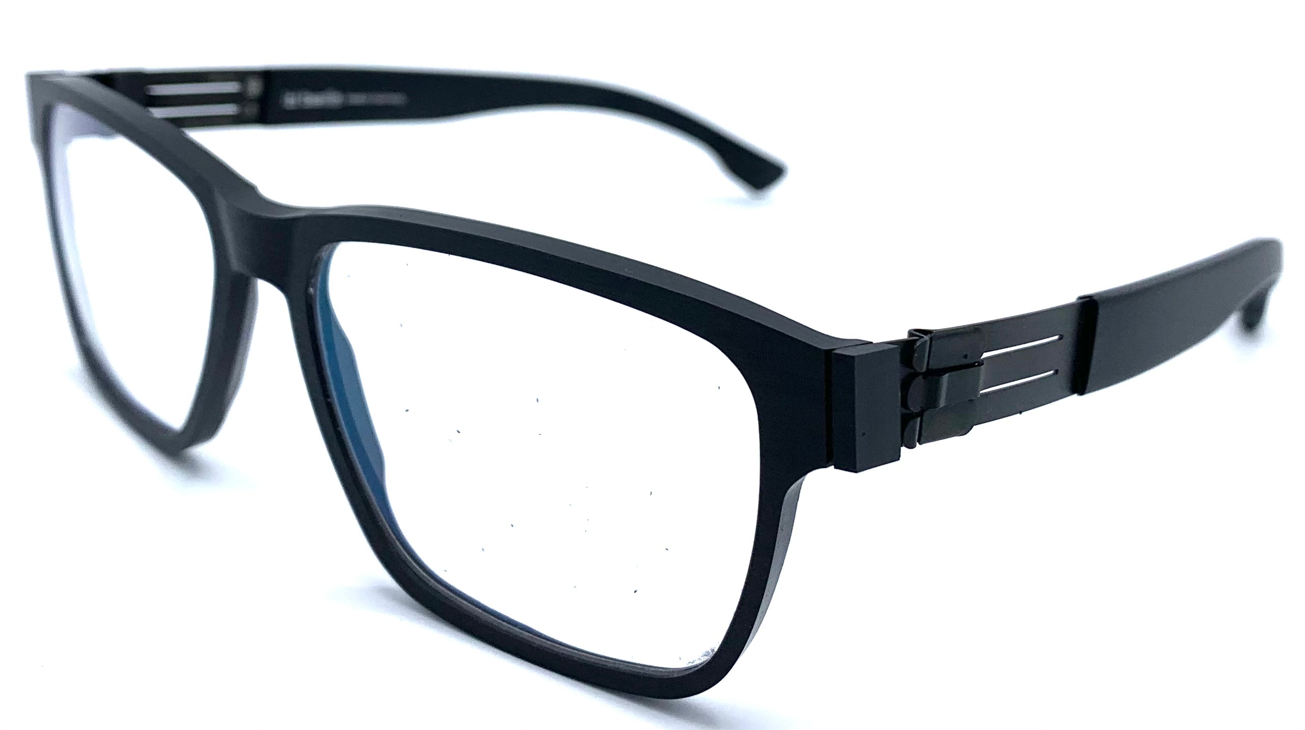 Occhiale da vista unisex in lastra spessa nera opaco ma comunque leggerissimo cerniera con fibbie design rettangolare
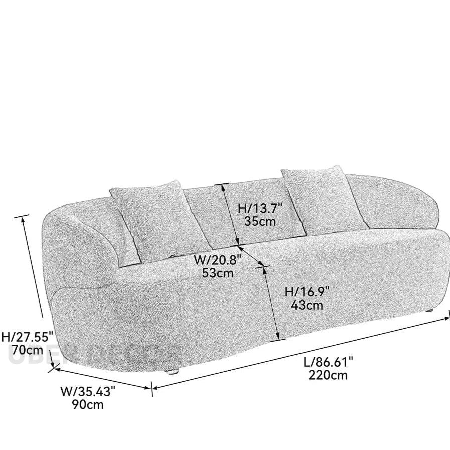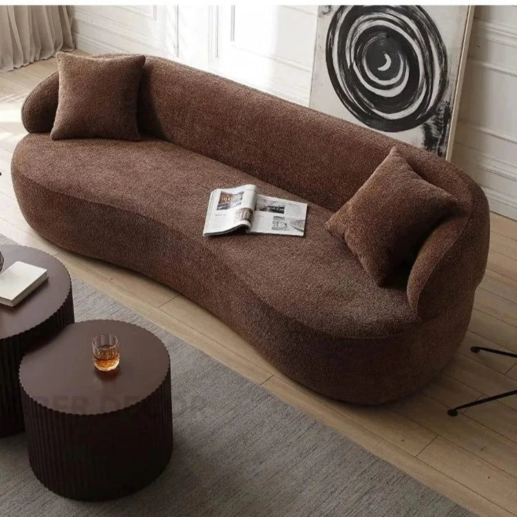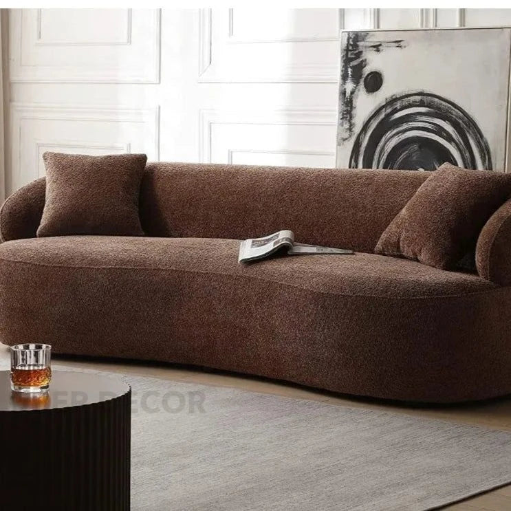Malaga Curved Sofa- Mid Century Modern Curved Back Upholstered Boucle Sofa for Living Room
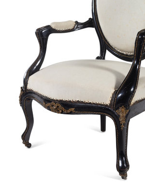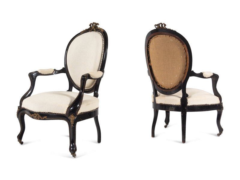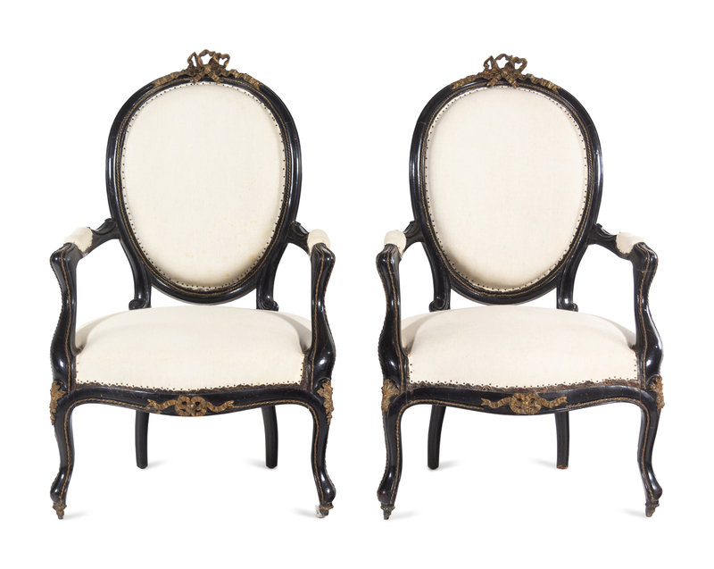 A Pair of Napoleon III Gilt Metal Mounted Ebonized Fauteuils
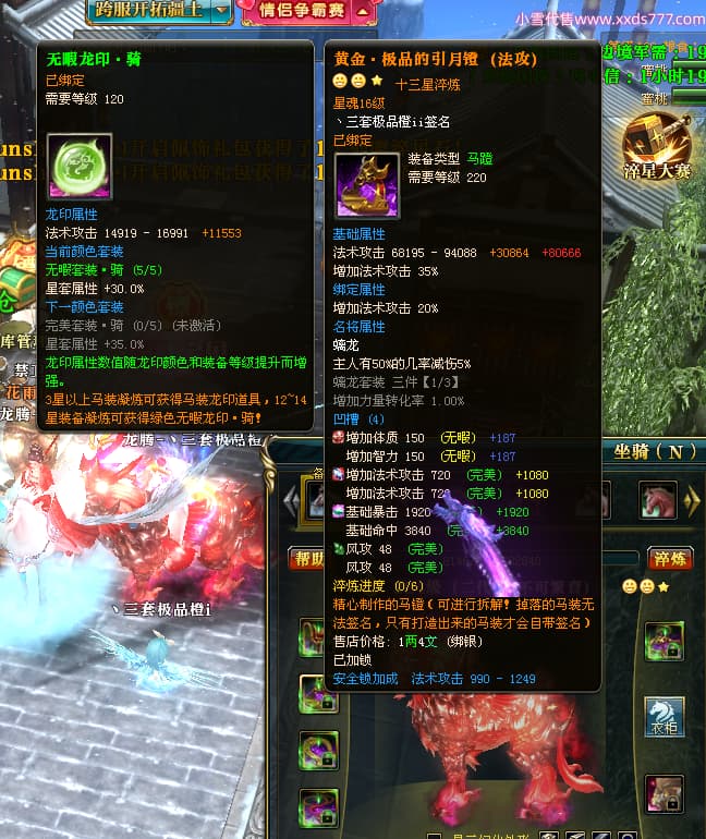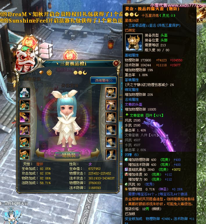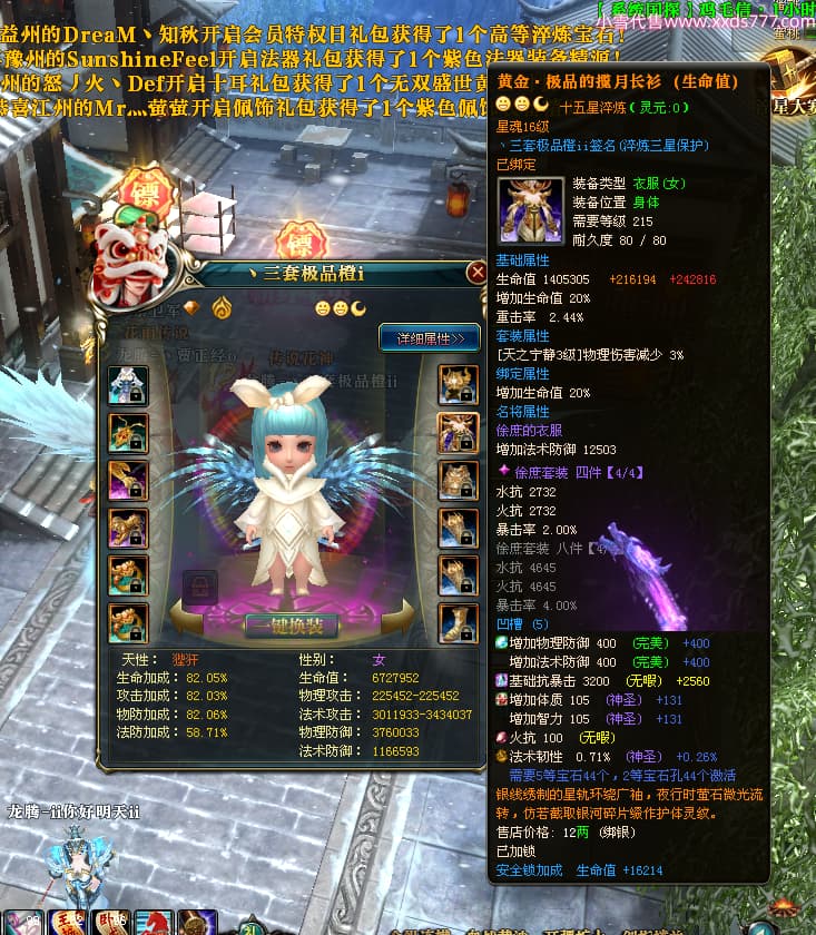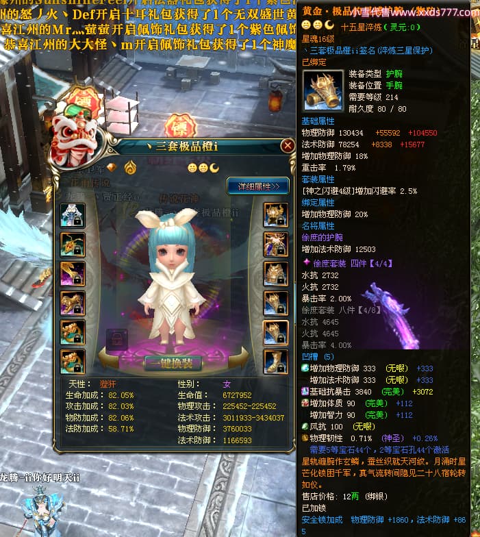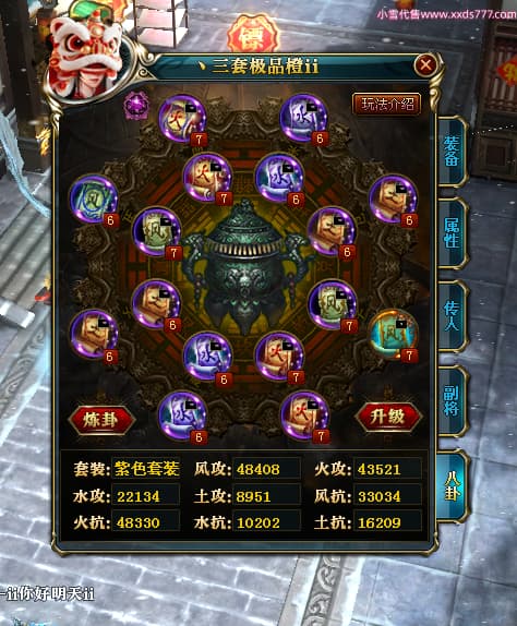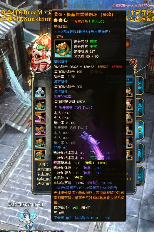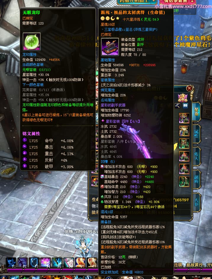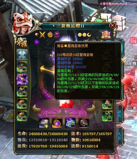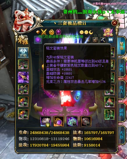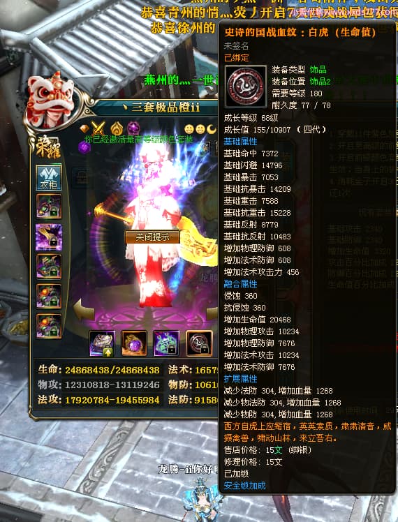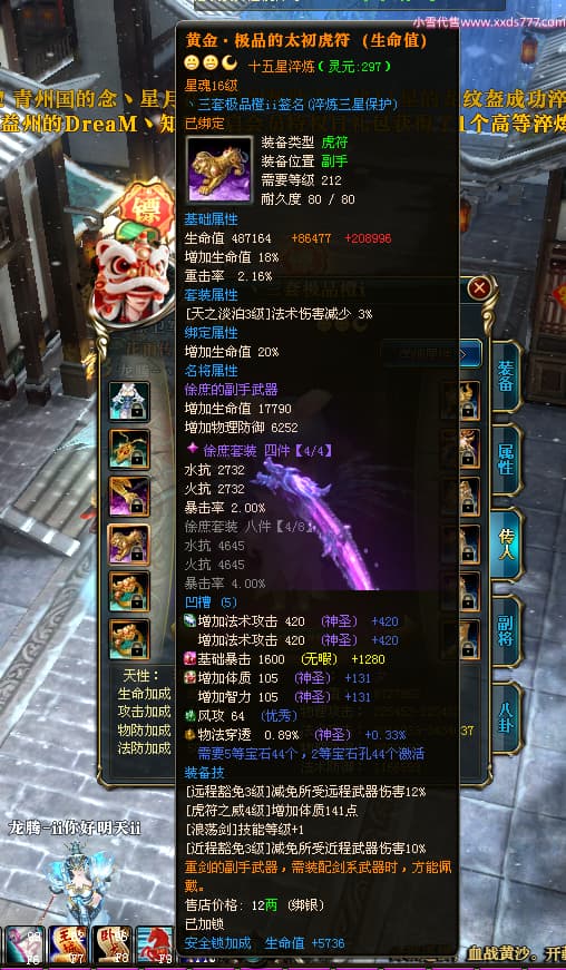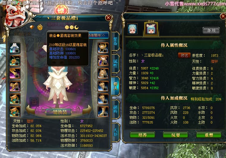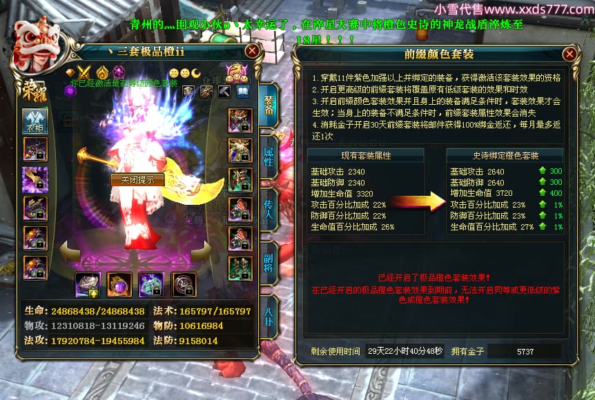 编号T25064 丶三套极品橙ii 龙腾问鼎 荆州 世界排名64名 28734W战力 人物黄金极品橙15X(1件18X9件混沌) 传人黄金极品橙15X 副将史诗紫15X 马黄金极品橙13X 极品紫15披风 人物星魂16级 传人星魂16级 副将星魂6级 马星魂16级 人物铭刻1件17级2件16级其余15级 点亮16星 马铭刻15级 点亮14星 人物绿龙印(1件紫龙印) 马绿龙印 六等单双属性完美无暇神圣石头 黄绿孔 可以转移百分百安全

▸ WHAT TO DO
The listing above is to be set down word for word, without its images.

▸ SOLUTION TO THE EXERCISE
 Occhiale da vista unisex in lastra spessa nera opaco ma comunque leggerissimo cerniera con fibbie design rettangolare
Malaga Curved Sofa- Mid Century Modern Curved Back Upholstered Boucle Sofa for Living Room
 A Pair of Napoleon III Gilt Metal Mounted Ebonized Fauteuils
 编号T25064 丶三套极品橙ii 龙腾问鼎 荆州 世界排名64名 28734W战力 人物黄金极品橙15X(1件18X9件混沌) 传人黄金极品橙15X 副将史诗紫15X 马黄金极品橙13X 极品紫15披风 人物星魂16级 传人星魂16级 副将星魂6级 马星魂16级 人物铭刻1件17级2件16级其余15级 点亮16星 马铭刻15级 点亮14星 人物绿龙印(1件紫龙印) 马绿龙印 六等单双属性完美无暇神圣石头 黄绿孔 可以转移百分百安全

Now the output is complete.